The judge in the case, however, said “Whilst I recognise that the Convention is a living instrument, which must be interpreted in the light of present-day conditions… the [European Court on Human Rights] have repeatedly made clear that [Article 5] is concerned with individual liberty in its classic sense of the physical liberty of the person”. As restricting phone use does not impact P’s physical movement, it is not a deprivation of liberty.
This meant the Court could not authorise restrictions on P’s phone and social media use through a Deprivation of Liberty order. However, the Court could authorise the Local Authority to impose these restrictions under the Children Act, which gives the Local Authority shared parental responsibility over P. This means that the restrictions on P’s phone and social media use are in place – just not under a Deprivation of Liberty order.
High Court judgments are not binding on other cases, but they can be persuasive. This means that in future cases, people could argue that Deprivation of Liberty orders should not be used to restrict people’s phone or internet use.

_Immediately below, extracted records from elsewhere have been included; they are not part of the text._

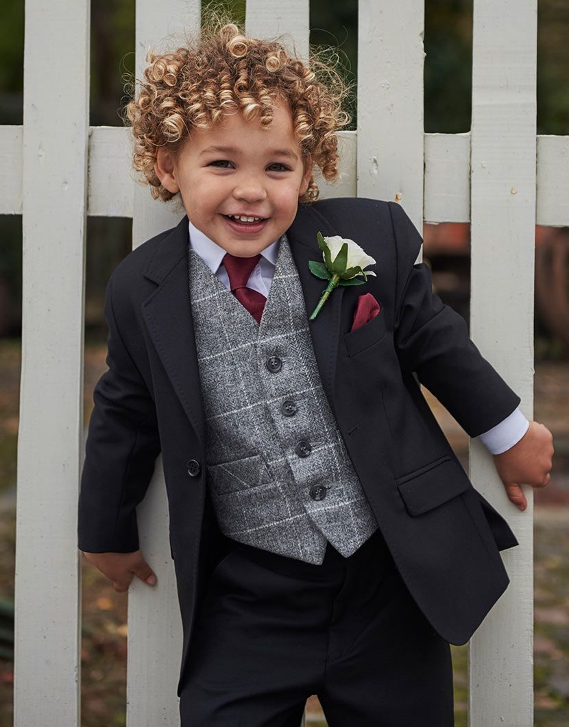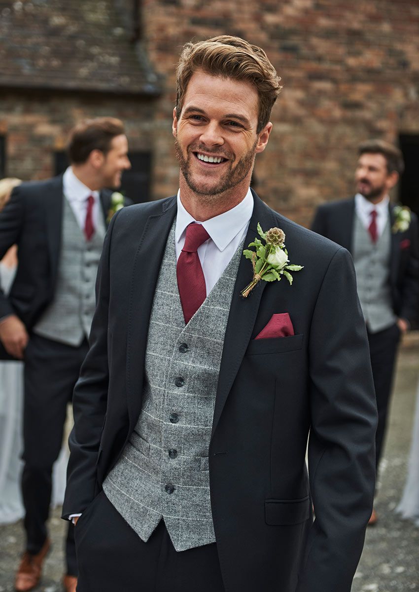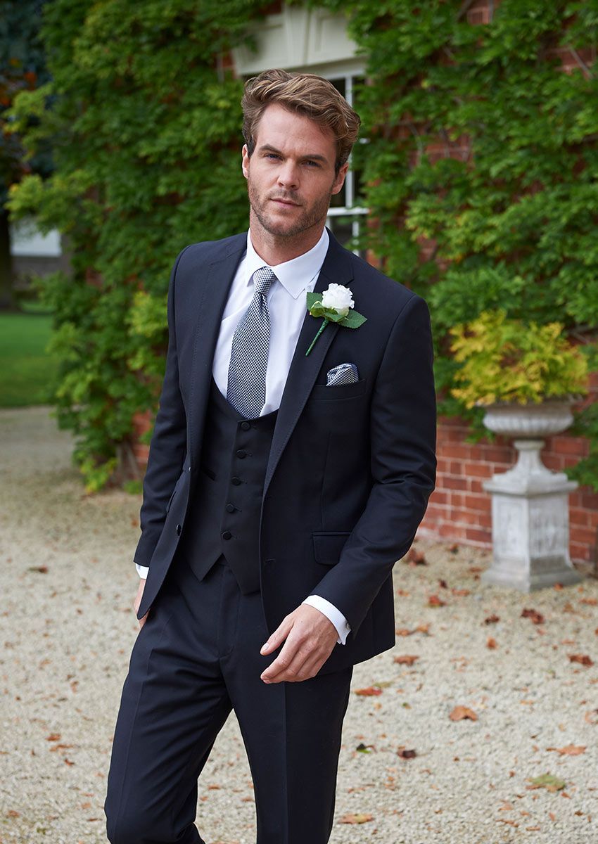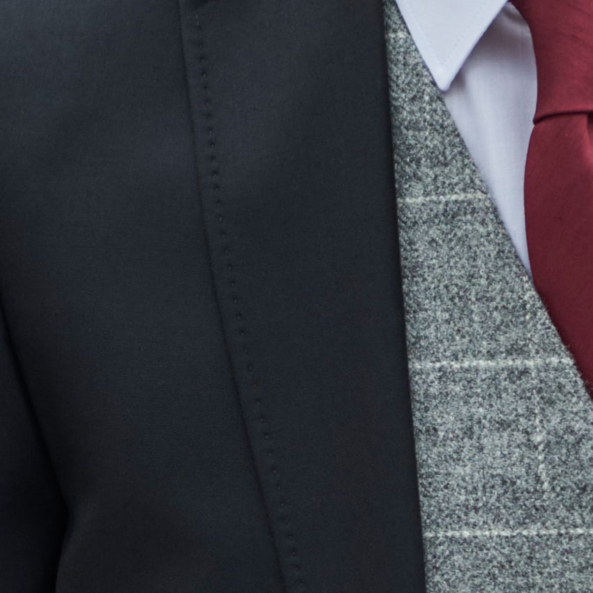 A modern black, lightweight mohair suit with matching trousers. Available with matching waistcoat if desired.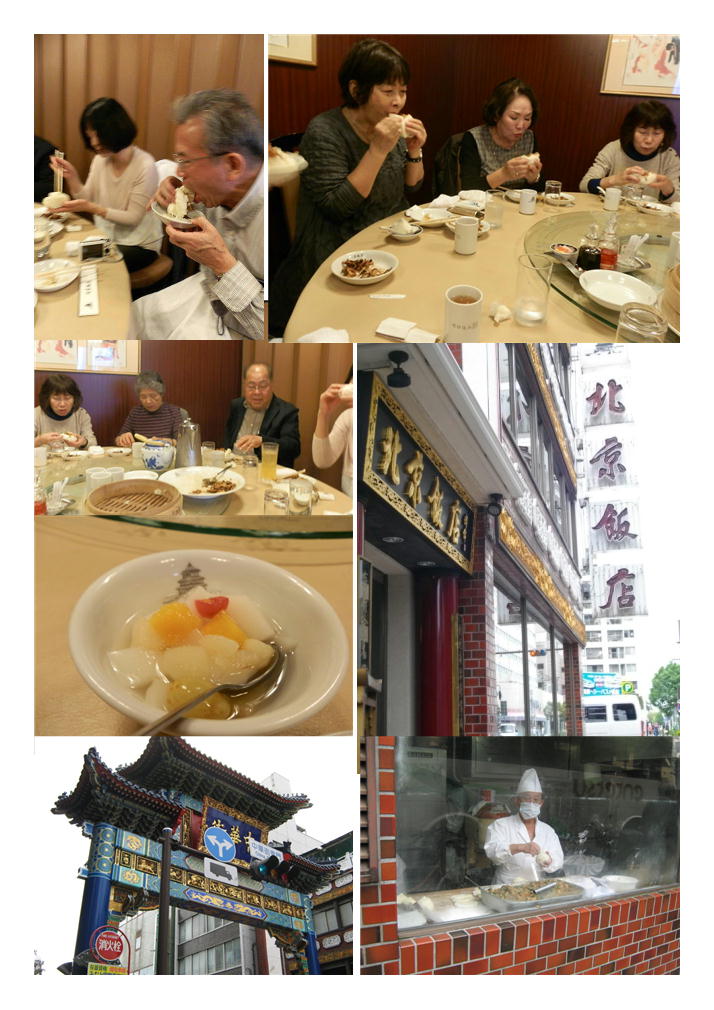 山下公園を垣間見た後、グランドホテルを案内し、もう一つの横浜(歴史的建造物)をみていただきました。時間がなく、マリンタワーからの眺望はあきらめましたが、13時少し前、普段は入らない、東門殻の中華街に入りました。今日の目的の料理(これから6回、様々な料理をテーマして運営)は北京料理、門近くの北京飯店へ向かいます。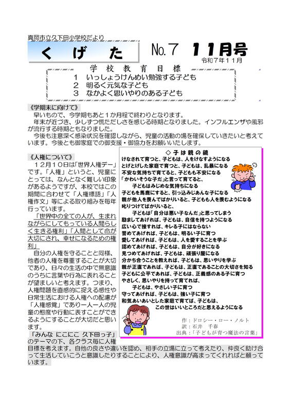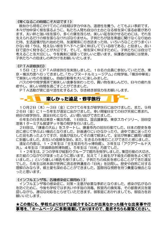 早いもので、11月も残り一週を残すのみとなりました。まさに「冬本番」に向かってまっしぐらですね。子供たちの健康管理にはこれまで以上に気を付け、最後まで充実した「2学期」にしていきますので、御家庭におかれましても、お子様への励ましの言葉かけや、健康管理等に御協力いただけますようお願い申し上げます。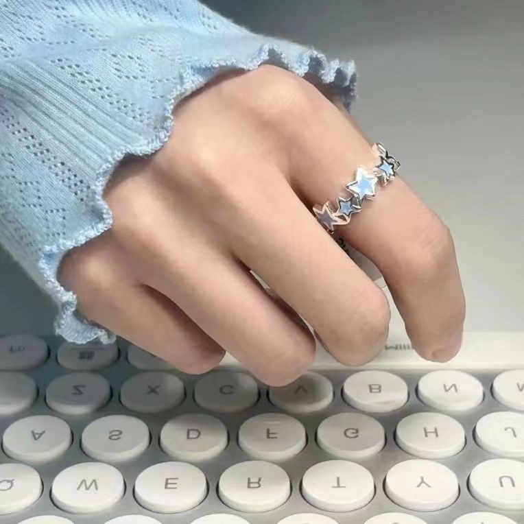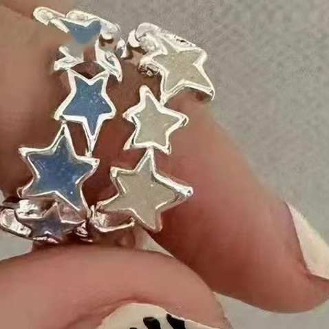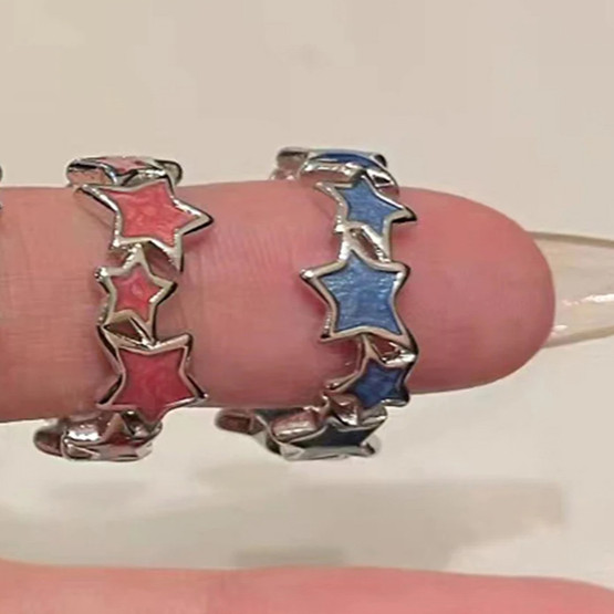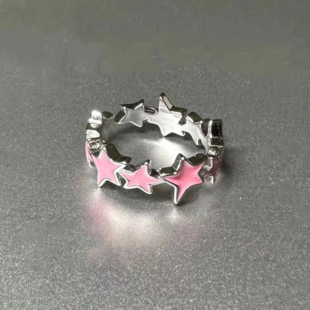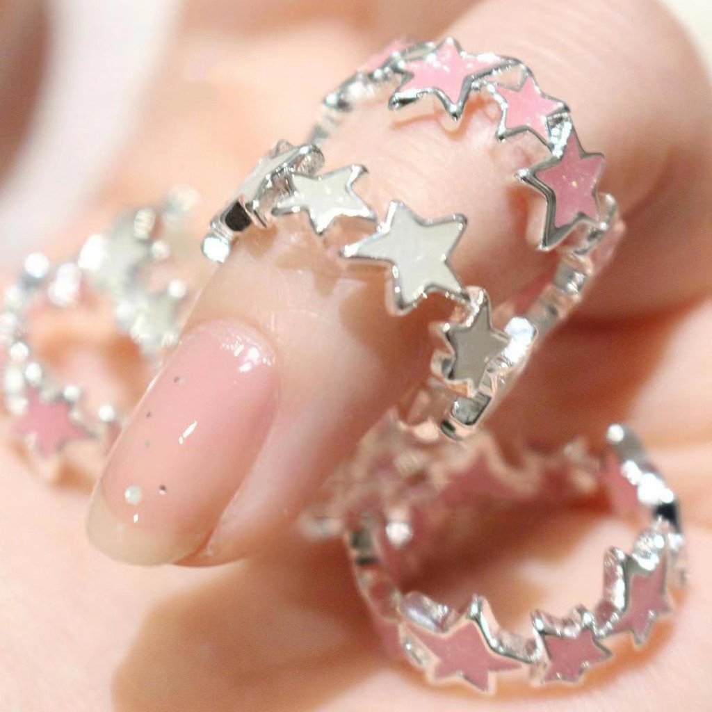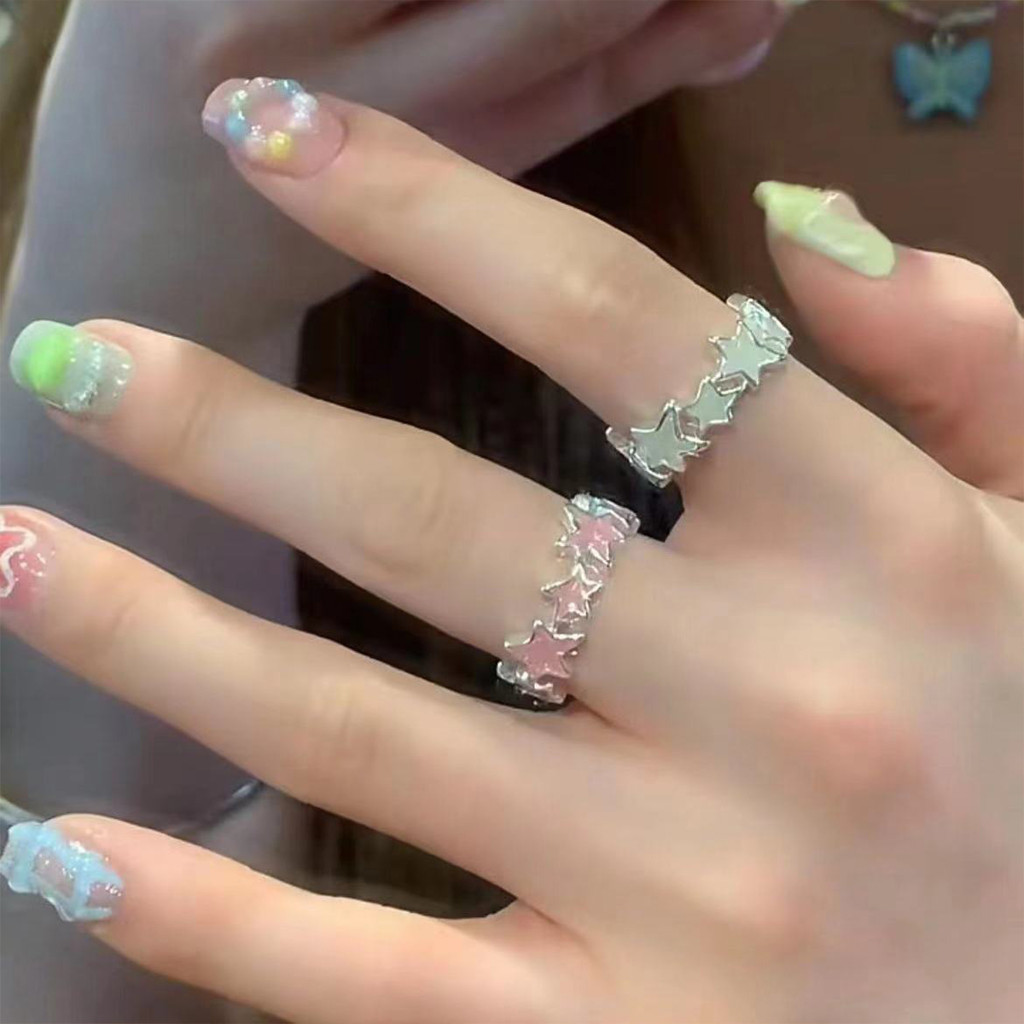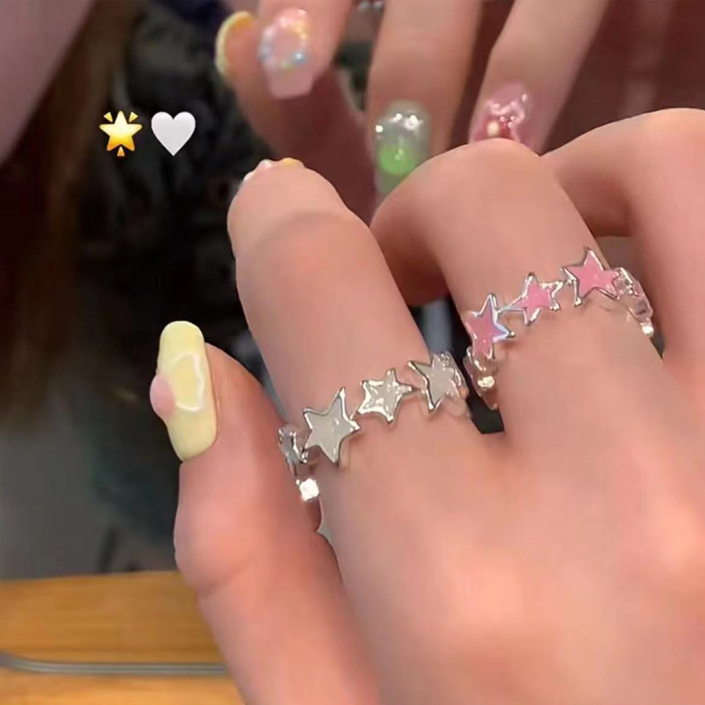 【YUE】แฟชั่นเกาหลีสีชมพูดาวแหวนคู่ผู้หญิงสาวหวานปรับแหวนเพื่อนผิดปกติความงาม

Source: Manchester City Council v CP and DT and P
The Investigatory Powers Tribunal found MI5 and the Home Office breached the right to private life
Liberty and Privacy International brought a case against MI5 and the Home Office arguing that the way personal data of millions of people was being handled breached the Article 8 right to private life. They said there were not sufficient safeguards in place for the storage, use and destruction of this data. The Home Office issued warrants related to this data despite knowing the safeguards were not in place, so these warrants were not lawful. On Monday 30 January 2023, the Investigatory Powers Tribunal released its judgment finding that MI5 and the Home Office had breached Article 8.
Source: Liberty and Privacy International v Security Service and SSHD (IPT/20/01/CH)
The House of Lords voted down parts of the Public Order Bill
The Lords voted against a line in the proposed law, saying that protesting about “an issue of current debate” is not a reasonable excuse for offences like tunnelling, obstructing transport or highways, causing “public nuisance” or “locking on” (i.e. attaching themselves or someone or something else to a person, object or land in public in a way that does and is intended to cause serious disruption to two or more people or an organisation).
They also voted to introduce a definition of “serious disruption” including where someone causes “significant harm”. Previous examples of serious disruption had described a hinderance that is “more than minor” but the Lords questioned whether having such a low threshold before a protestor commits a crime could be compatible with the Article 10 right to freedom of expression and the Article 11 right to freedom of assembly.
During the Lords’ debate, activists from Extinction Rebellion disrupted a speech before being stopped by staff.